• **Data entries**
________

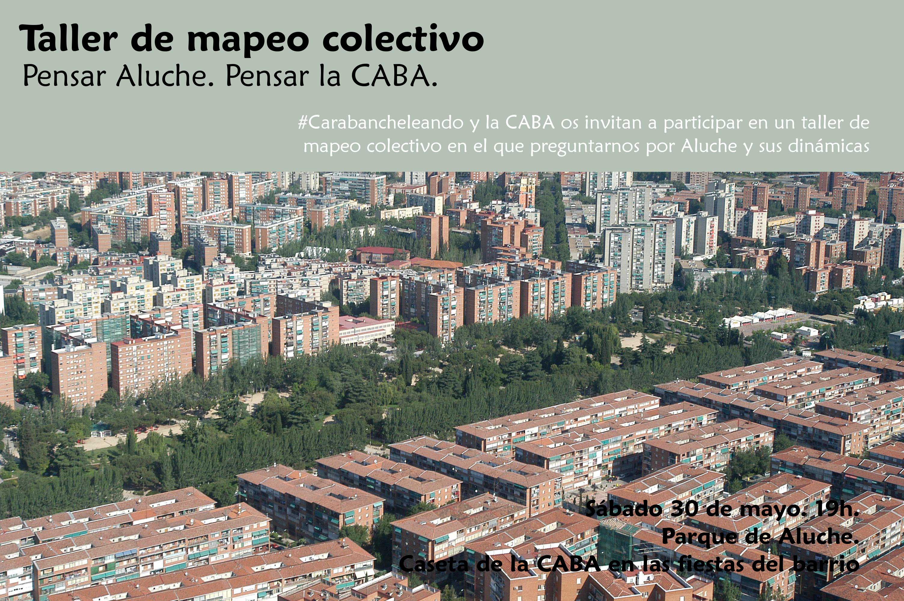 #Carabancheleando y la CABA (Casa Autogestionada del Barrio de Aluche) os invitan a participar en un taller de mapeo colectivo en el que preguntarnos por Aluche y sus dinámicas. El sábado 30 de mayo, a las 19h, en la caseta que la CABA tendrá en las fiestas del barrio (parque de Aluche).
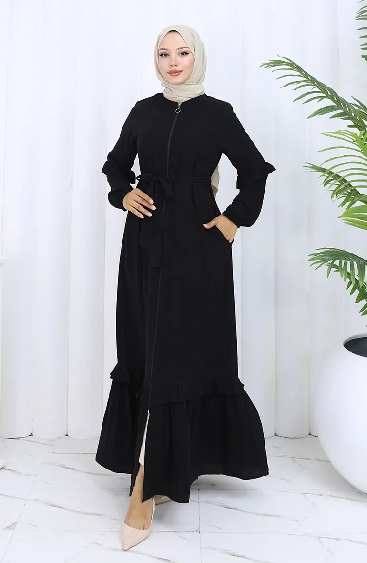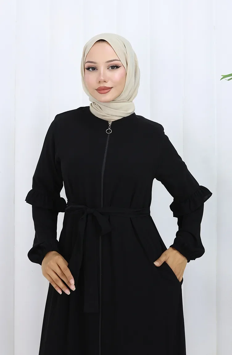Abaya Met Riem En Rits 6278-01 Zwart 6278-01
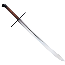 The Grosse Messer known throughout Germany as the “Big Knife”, hails from central and northern Europe where, in far off days of old, noblemen and peasants alike relied on it to protect hearth and home from the ravages of brigands, cut throats, outlaws and other assorted characters of ill repute. Due to its stout, wide blade and generously sized handle, it could be wielded in one or both hands and was capable of shearing through chain mail or cutting a man in half with a single strike. Our version of this elegantly simple yet remarkably effective weapon sports a hand forged blade of 1060 high carbon steel that’s so sharp we have used it to split a telephone book in half, with a single blow! The guard and heavy pommel are made from blued steel and feature rosewood handle scales riveted to the sword’s full tang. For convenience and safety, the Grosse Messer comes with a strong, handsome scabbard crafted from wood and covered in black leather. It is reinforced with a steel chape and throat that has been blued to match the guard and pommel.
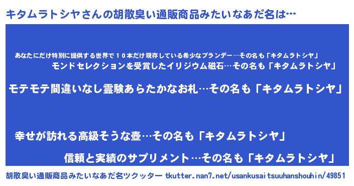 | ヒーロー風カッコイイあだ名 | 『スーパーキタムラトシヤ』 |
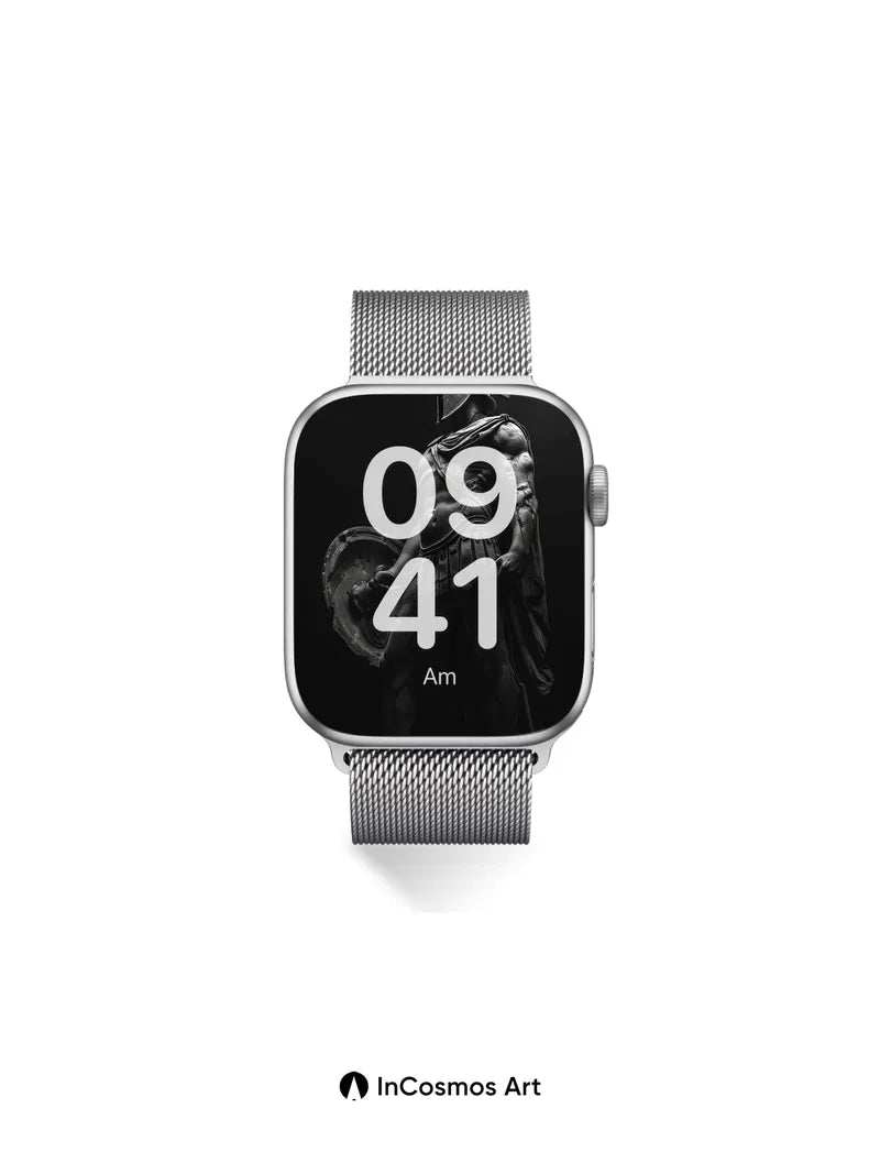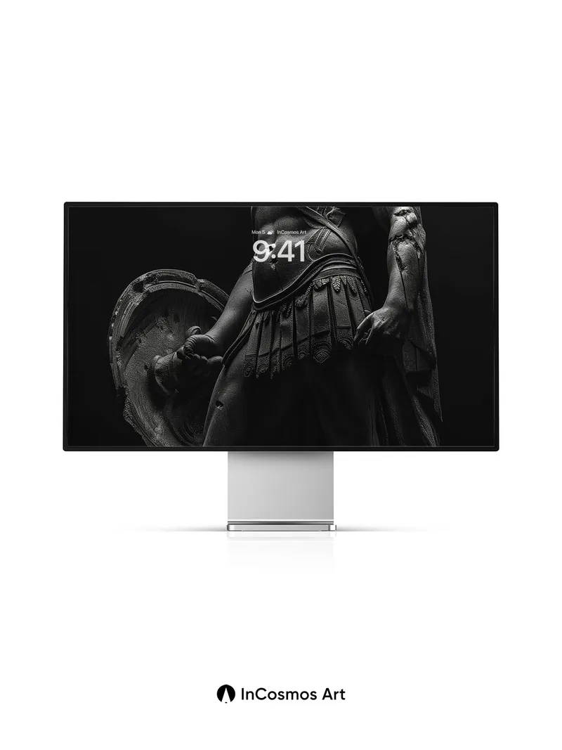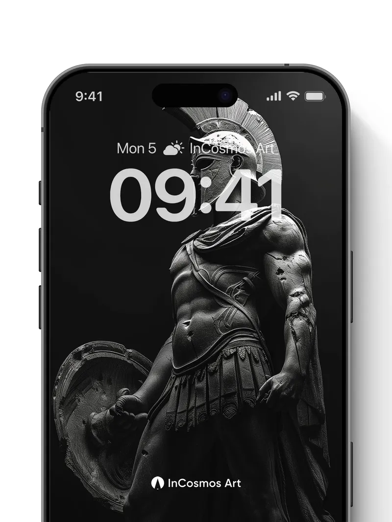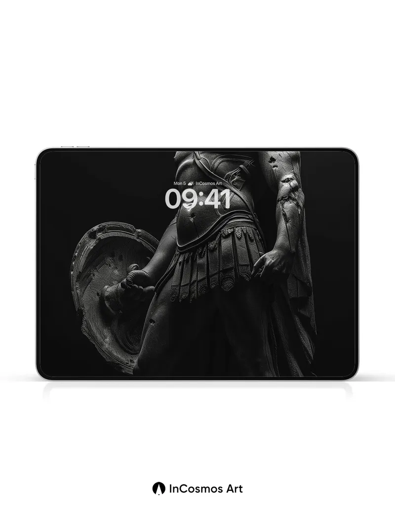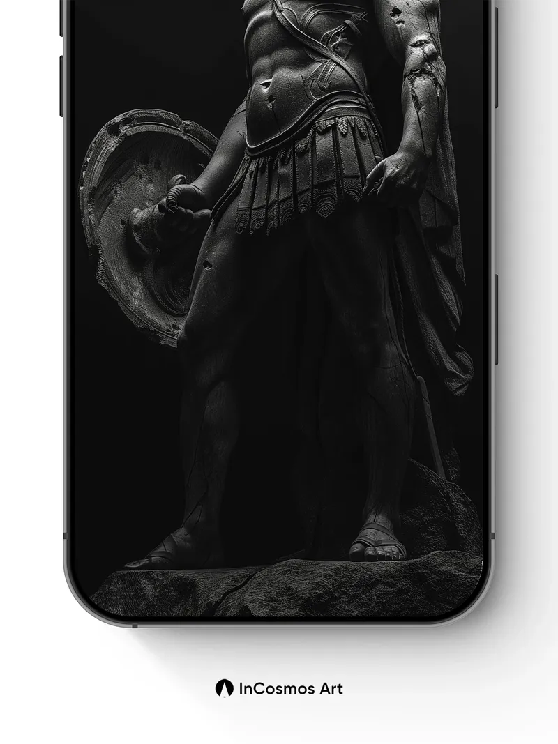 Debug page_description: Did you know ancient Greek sculptors used to carve warriors in motion to capture breath and tension? Here, light crawls over cold bronze armor like a slow memory, each ridge of muscle and crease in the tunic whispering of battles long forgotten. The helmet’s crest stands proud, a silent echo of command, while shadows pool around the feet as if the earth itself holds its breath. Share this with your best friend. Send this to your love and swap a matching set. What would you say to the warrior who guards your dreams?
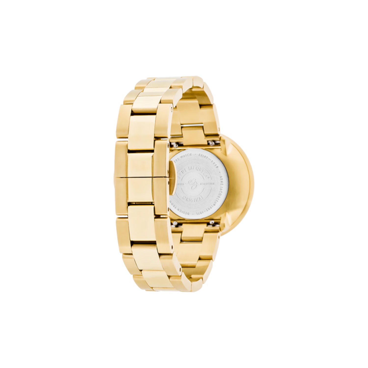 Den gyllene färgen spelar vackert med ljuset och skapar ett varmt sken, vilket gör klockan till ett perfekt tillbehör för både vardag och festliga tillfällen. Med den här klockan får du inte bara ett exakt tidsinstrument, utan också ett stycke designhistoria som återspeglar din känsla för stil och kvalitet.
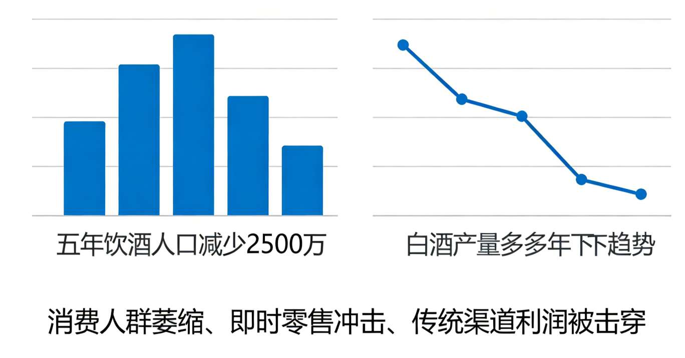 历经数十年高速增长后,国内白酒行业正式告别增量时代,步入前所未有的结构性深度调整期。最新行业权威数据显示,国内核心饮酒人口较五年前锐减约2500万,消费基盘持续收缩;与此同时,即时零售模式狂飙突进,彻底颠覆传统白酒流通渠道,以“层层分销、囤货压货、渠道为王”为核心的传统商业模式,正遭遇前所未有的生存挑战。
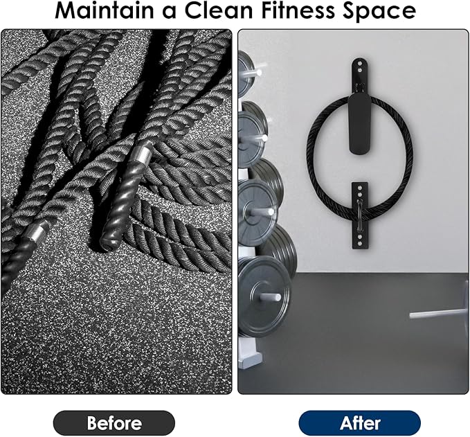 - Maintain a Clean Fitness Space: Use vertical space, reduce ground space occupation, and prevent battle ropes from getting tangled, knotted or twisted.
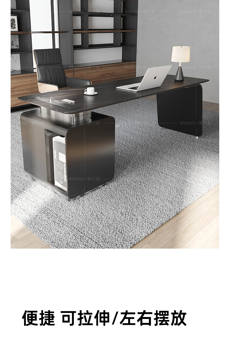 Italian minimalist rock slab living room, long desk, study room, high-end desktop computer desk, work desk, home office desk

________

• **What to do**
In the entries above, find the line containing "- Maintain a"; transcribe exactly that line and every line after it through the end, and only those, omitting pictures.

• **Solution to this exercise**
 - Maintain a Clean Fitness Space: Use vertical space, reduce ground space occupation, and prevent battle ropes from getting tangled, knotted or twisted.
 Italian minimalist rock slab living room, long desk, study room, high-end desktop computer desk, work desk, home office desk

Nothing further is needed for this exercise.